# Stored records
# # # #
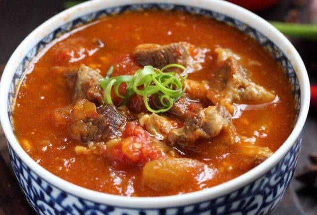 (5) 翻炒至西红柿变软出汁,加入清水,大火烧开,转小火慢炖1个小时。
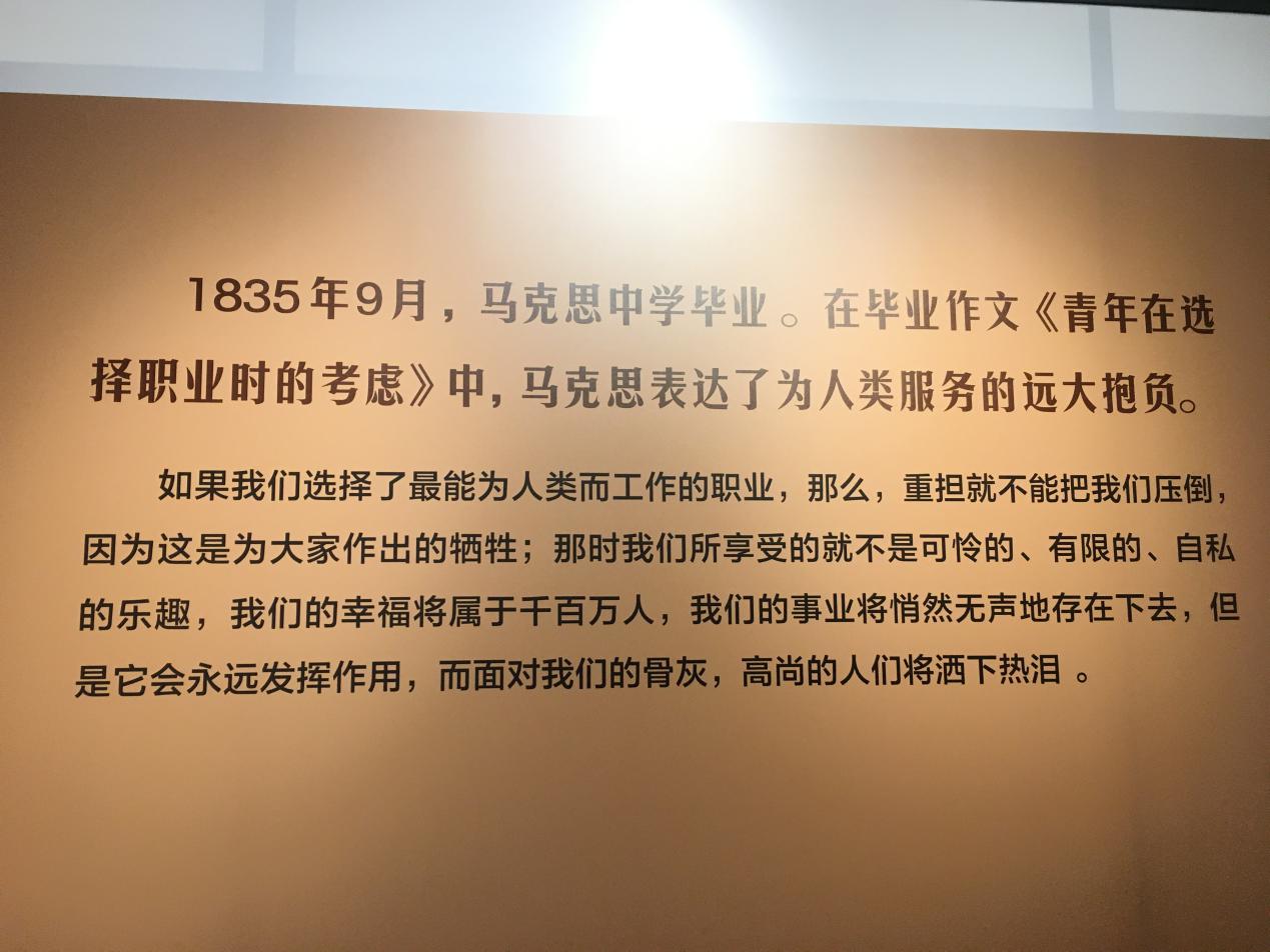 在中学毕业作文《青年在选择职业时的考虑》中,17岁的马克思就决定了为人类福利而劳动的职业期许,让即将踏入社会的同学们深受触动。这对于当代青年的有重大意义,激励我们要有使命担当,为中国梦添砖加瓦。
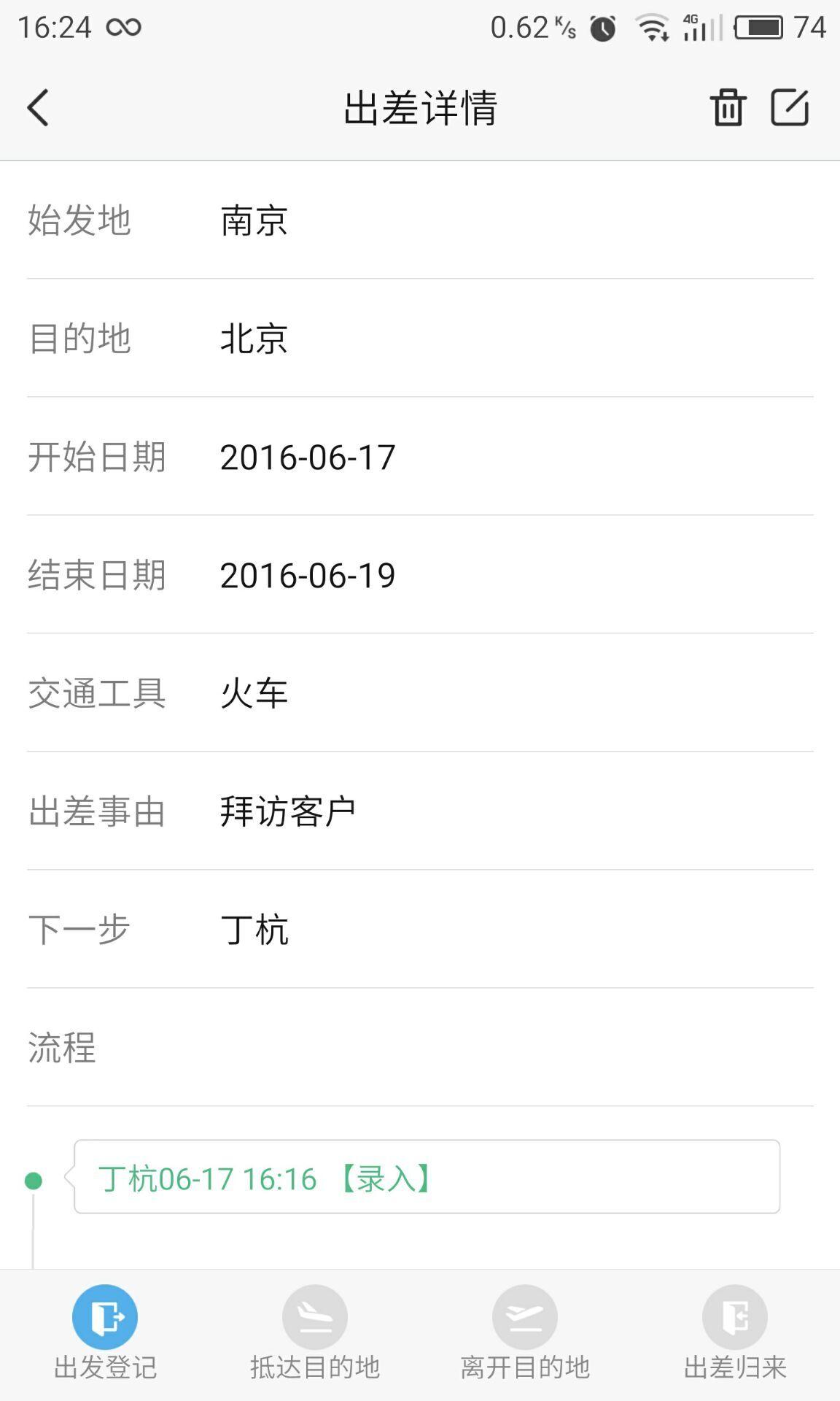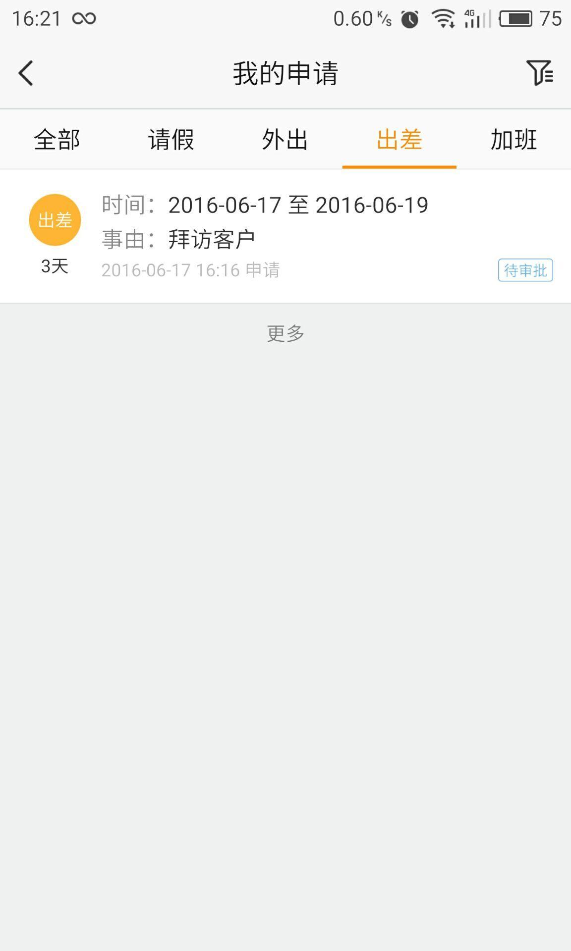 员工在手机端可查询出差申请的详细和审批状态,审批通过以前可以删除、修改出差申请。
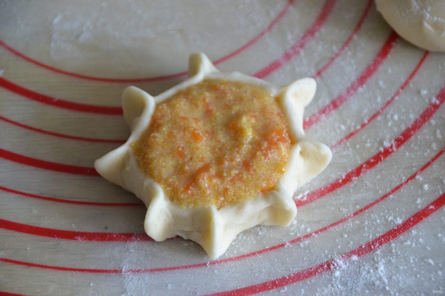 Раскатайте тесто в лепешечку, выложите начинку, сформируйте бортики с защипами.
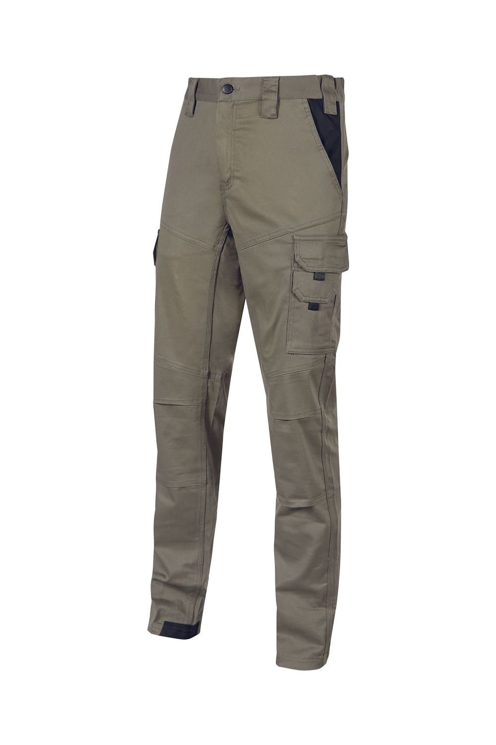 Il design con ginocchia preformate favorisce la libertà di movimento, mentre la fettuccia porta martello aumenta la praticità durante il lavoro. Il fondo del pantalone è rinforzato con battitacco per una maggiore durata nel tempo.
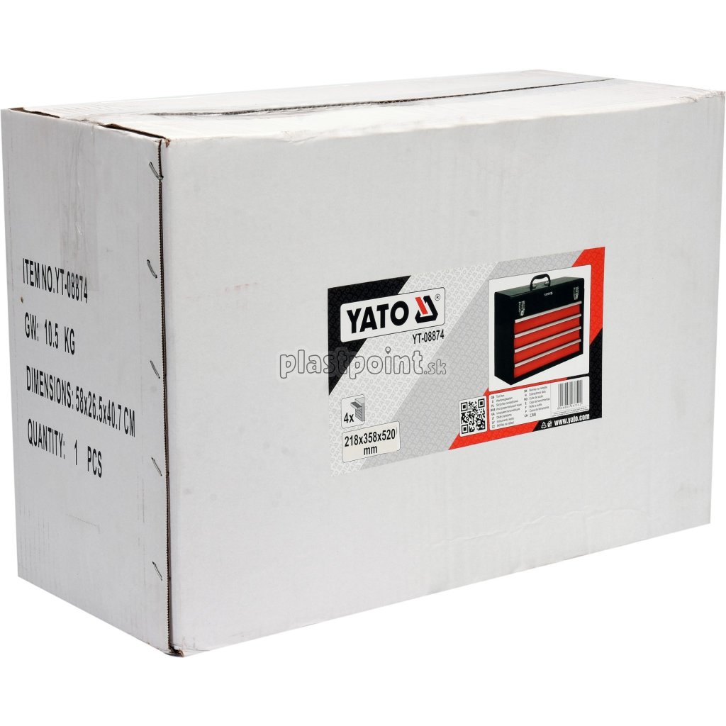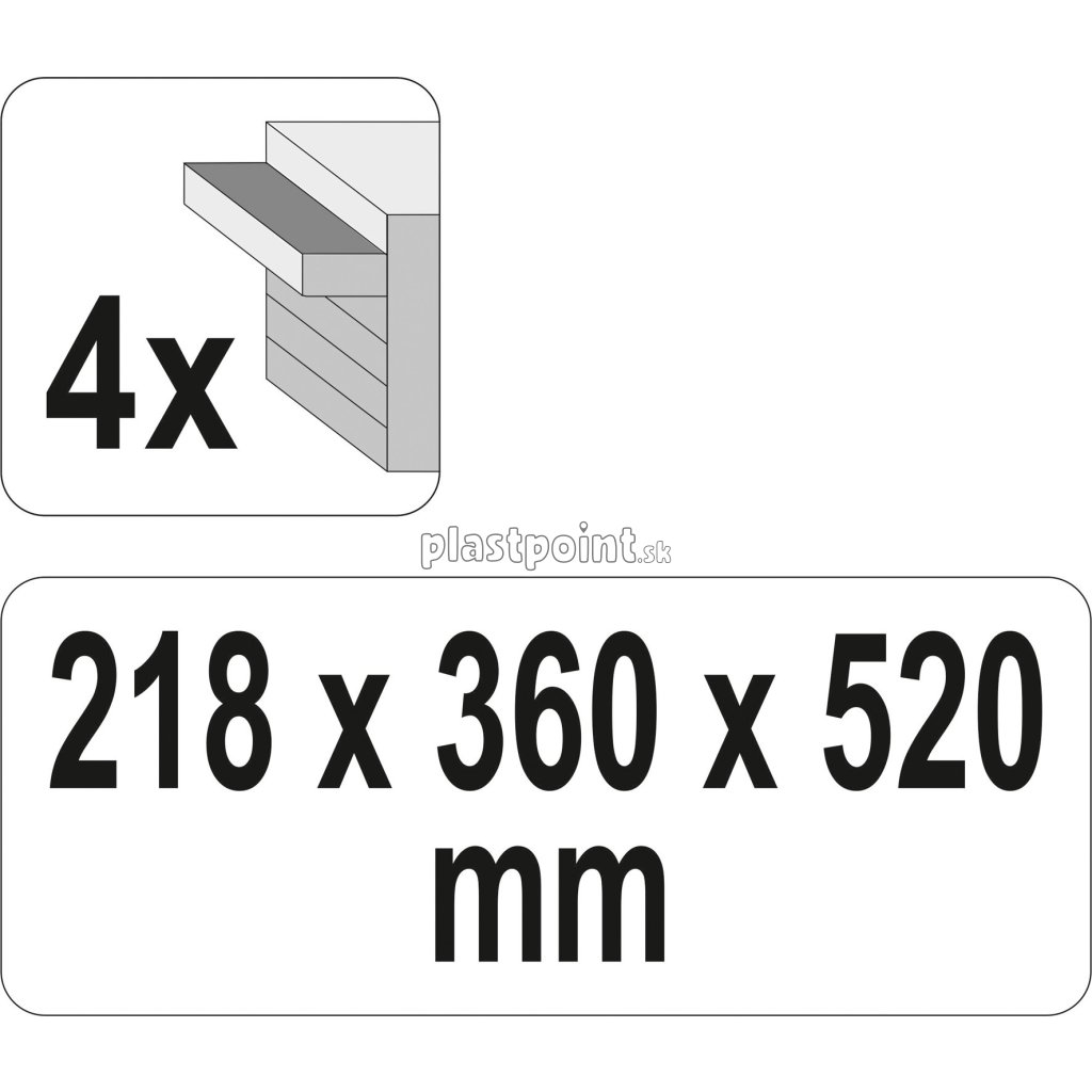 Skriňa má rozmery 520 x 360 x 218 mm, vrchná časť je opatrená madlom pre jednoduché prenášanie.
# # # #
# Exercise details
Can the lines from the one with "员工在手机端可查询出差申请的" to the end of the records above be quoted exactly, both ends included, with every picture omitted?

# Response area
 员工在手机端可查询出差申请的详细和审批状态,审批通过以前可以删除、修改出差申请。
 Раскатайте тесто в лепешечку, выложите начинку, сформируйте бортики с защипами.
 Il design con ginocchia preformate favorisce la libertà di movimento, mentre la fettuccia porta martello aumenta la praticità durante il lavoro. Il fondo del pantalone è rinforzato con battitacco per una maggiore durata nel tempo.
 Skriňa má rozmery 520 x 360 x 218 mm, vrchná časť je opatrená madlom pre jednoduché prenášanie.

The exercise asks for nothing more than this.